9. En dernier lieu, la circonstance que les dispositions de l’article 407 du code général des impôts ne prévoient pas de sanction en l’absence de déclaration de stock par voie électronique ne fait pas obstacle au retrait ou au refus de l’aide prévu par les dispositions rappelées aux points qui précèdent.
10. Il résulte de tout ce qui précède que la société Champagne Jean-Paul Deville n’est pas fondée à soutenir que c’est à tort que, par le jugement attaqué, le tribunal administratif de Châlons-en-Champagne a rejeté sa demande.

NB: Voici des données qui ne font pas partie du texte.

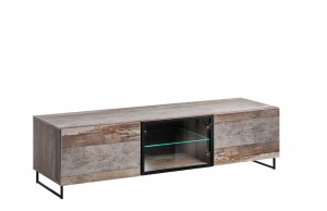 Тумба ТВ PLANK: 2 стандартные двери для каждого отсека. Посередине дверь застеклена черной алюминиевой рамой, за ней стеклянная полка со светодиодной подсветкой. Ножки из черного металла.
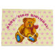 This fuzzy, little bear is an original acrylic wash, on watercolor paper is one of my paintings. The teddy bear art is overlaid on a background of Pink stars. The arched text, 'BABY'S FIRST BIRTHDAY', can be personalized with a child's name, your text or removed. The background color can also be customized.

Sur les frais de l’instance :
11. Les dispositions de l’article L. 761-1 du code de justice administrative font obstacle à ce qu’une somme soit mise à la charge de France AgriMer, qui n’est pas la partie perdante, en application de l’article L. 761-1 du code de justice administrative. Il n’y a pas lieu, dans les circonstances de l’espèce, de mettre à la charge de la société Champagne Jean-Paul Deville une somme au titre des frais exposés par France AgriMer.
D E C I D E :
Article 1er : La requête présentée par la société Champagne Jean-Paul Deville est rejetée.
Article 2 : Les conclusions présentées par France AgriMer sur le fondement de l’article L. 761-1 du code de justice administrative sont rejetées.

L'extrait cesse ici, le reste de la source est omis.